To do:
In your copy of the data, include no pictures and alter nothing else.

Information provided:

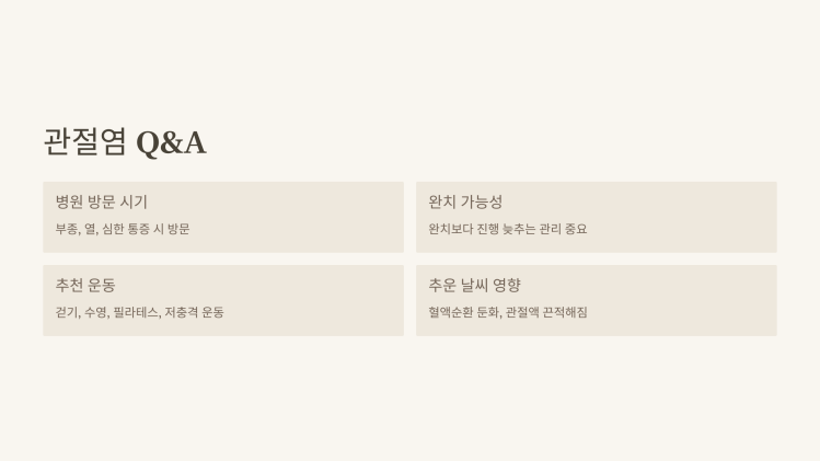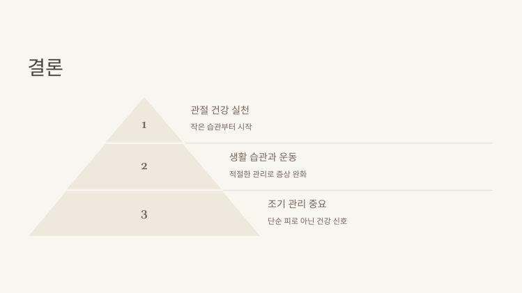 ๊ด์ ํต์ฆ์ ๋จ์ํ ํผ๋ก๊ฐ ์๋๋ผ ์ด๊ธฐ์ ๊ด๋ฆฌํด์ผ ํ ์ ํธ์ผ ์ ์์ต๋๋ค. ํนํ ๊ด์ ์ผ์ด ์์ฌ๋๋ค๋ฉด ์ ์ ํ ์ํ ์ต๊ด๊ณผ ์ด๋, ๋ณ์ ๊ฒ์ง์ ๋ณํํ๋ ๊ฒ์ด ์ค์ํฉ๋๋ค.
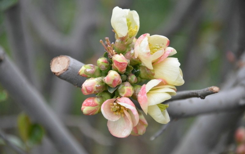 貼梗海棠花梗極短,花朵緊貼在枝干上,故而得名。
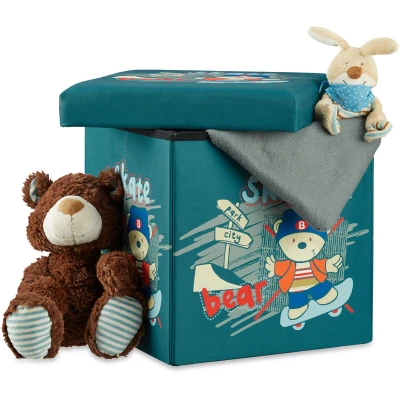Relaxdays Children's Storage Ottoman, Foldable, with Space, Toy Chest Lid, HxWxD: 38 x cm, Bear Motif
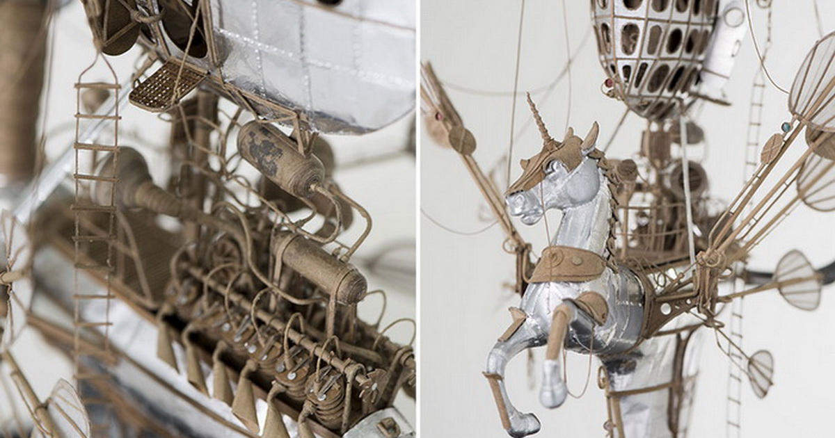 Дирижабли и аэропланы в исполнении Йеруна ван Кестерна покорят любителей стимпанка. Созданные из картона, фольги и клея, они выглядят так, словно материализовались из романов Жюля Верна и Герберта Уэллса. Прекрасные фантазии, вдохновленные романтическими идеями XIX века!

Output for this exercise:
 ๊ด์ ํต์ฆ์ ๋จ์ํ ํผ๋ก๊ฐ ์๋๋ผ ์ด๊ธฐ์ ๊ด๋ฆฌํด์ผ ํ ์ ํธ์ผ ์ ์์ต๋๋ค. ํนํ ๊ด์ ์ผ์ด ์์ฌ๋๋ค๋ฉด ์ ์ ํ ์ํ ์ต๊ด๊ณผ ์ด๋, ๋ณ์ ๊ฒ์ง์ ๋ณํํ๋ ๊ฒ์ด ์ค์ํฉ๋๋ค.
 貼梗海棠花梗極短,花朵緊貼在枝干上,故而得名。
Relaxdays Children's Storage Ottoman, Foldable, with Space, Toy Chest Lid, HxWxD: 38 x cm, Bear Motif
 Дирижабли и аэропланы в исполнении Йеруна ван Кестерна покорят любителей стимпанка. Созданные из картона, фольги и клея, они выглядят так, словно материализовались из романов Жюля Верна и Герберта Уэллса. Прекрасные фантазии, вдохновленные романтическими идеями XIX века!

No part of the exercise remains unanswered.